15 points on the Marula Prospectus19 Mar 2024 12:22
So I've have a couple of Personal Attacks in the past from Marula holders on Twitter, Telegram (both DMs and in The Hive).
Some questions have been asked before, but I can't say I've had much of a satisfactory response, or anything that's been confirmed to the point of a technical report or an economic study, or even a clear RNS.
I kept getting told to 'read up' for answers to my questions - So I did. I took a look at the short-form prospectus and have the following questions/points:
1. Blesberg Project
If they announced 100% purchase on 25th November 2022, and still not received regulatory approval... Don't they need this in order to make commercial sales?
3. The preliminary assay results from the stockpile came in at 5%-6.53%. This was based on only a 1 tonne sample.
The follow-up was done independently, but it doesn't state whether this was also a 1 tonne sample, or a different amount?
3. $1.35 Million from the Subscription will immediately be paid back to fund the drilling costs?
4. Drilling was completed on 6th December 2023. We should have assays soon? Why the delay?
5. Ore Sorter cost is £750,000, which will also be deducted from the subscription cost.

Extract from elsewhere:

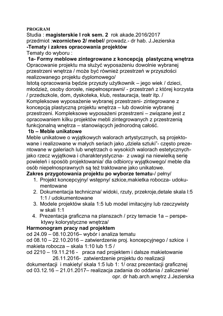 PROGRAM Studia : magisterskie I rok sem. 2 rok akade.2016/2017 przedmiot :wzornictwo 2/ mebel/ prowadz.- dr hab. J.Jezierska -Tematy i zakres opracowania projektów Tematy do wyboru : 1a- Formy meblowe zintegrowane z koncepcją plastyczną wnętrza Opracowanie projektu ma służyć wyposażeniu dowolnie wybranej przestrzeni wnętrza / może być również przestrzeń w przyszłości realizowanego projektu dyplomowego/ Istotą opracowania będzie przyszły użytkownik – jego wiek / dzieci, młodzież, osoby dorosłe, niepełnosprawni/ - przestrzeń z której korzysta / przedszkole, dom, dyskoteka, klub, restauracja, teatr itp. / Kompleksowe wyposażenie wybranej przestrzeni- zintegrowane z koncepcją plastyczną projektu wnętrza – lub dowolnie wybranej przestrzeni. Kompleksowe wyposażeni przestrzeni – związane jest z opracowaniem kilku projektów mebli zintegrowanych z przestrzenią funkcjonalną wnętrza – stanowiących jednorodną całość. 1b – Meble unikatowe Meble unikatowe o wyjątkowych walorach artystycznych, są projektowane i realizowane w małych seriach jako „dzieła sztuki”- często prezentowane w galeriach lub wnętrzach o wysokich walorach estetycznychjako rzecz wyjątkowa i charakterystyczna- z uwagi na niewielką serię powieleń i sposób projektowania/ dla odbiorcy wyjątkowego/ meble dla osób niepełnosprawnych są też traktowane jako unikatowe. Zakres przygotowania projektu po wyborze tematu-/ pełny/ 1. Projekt koncepcyjny/ wstępny/ szkice,makietka robocza- udokumentowane 2. Dokumentacja techniczna/ widoki, rzuty, przekroje,detale skala l:5 1:1 / udokumentowane 3. Modele projektów skala 1:5 lub model imitacyjny lub rzeczywisty w skali 1:1 4. Prezentacja graficzna na planszach / przy temacie 1a – perspektywy kolorystyczne wnętrza/ Harmonogram pracy nad projektem od 24.09 – 08.10.2016– wybór i analiza tematu od 08.10 – 22.10.2016 – zatwierdzenie proj. koncepcyjnego / szkice i makieta robocza – skala 1:10 lub 1:5 / od 2210 – 19.11.216 - praca nad projektem i dalsze makietowanie 26.11.2016- zatwierdzenie projektu do realizacji dokumentacji i makiety/ skala 1:5 lub 1: 1/ oraz prezentacji graficznej od 03.12.16 – 21.01.2017– realizacja zadania do oddania / zaliczenie/ opr. dr hab.arch.wnętrz J.Jezierska

6. If only 1 tonne has been sampled, there's a risk of the first shipment to Southern Jase Resources Pty Ltd being 26.5 Tonnes short due to lack of sampling?
7. This was terminated 1 month later, with the aim of shifting focus to European Trading Houses. This was due early Q1 2024, and was the reason for terminating the original off-take agreement, and then paying Jade Resources in shares? This means Jade Resources was terminated for discussions with Q Global's trading partner, which didn't happen, and then led to the deal with Fujax
8. Why was this Jade Resources terminated, if the deal was only for an initial 27.5 tonnes? Why not just deliver the shipment, and why just pay them shares?
9. Kinusi - "Small-Scale Copper Mining". What is the definition of small-scale?
10. 10-15 Million Tonne deposit target, potential of up to 50 Million based on phase one exploration activities - Is there a report produced from Geofields for us to view? I can't find it anywhere. Surely a publicly listed company should be sharing the geo-reports?
11. Any debt accrued to Q Global or subsidiaries can be waived in exchange for shares?!?!?!
This is for up to 6.25p per share? So over 50% discount to the current price?
This can happen at any point between now and 31st December 2026?
Aggregate consideration for 147,800,000 shares is:
£8,530,000.
Take away £1 Million for drilling, £750,000 for one of the ore sorters, plus other potential costs leaves a total of:
£6,780,000 minus any debts for services rendered to Q Global.
12. I didn't factor in the Tanzanian Budget which is on the next chapter.
Leaves a total of £4.68 Million less any costs for services rendered by Q Global.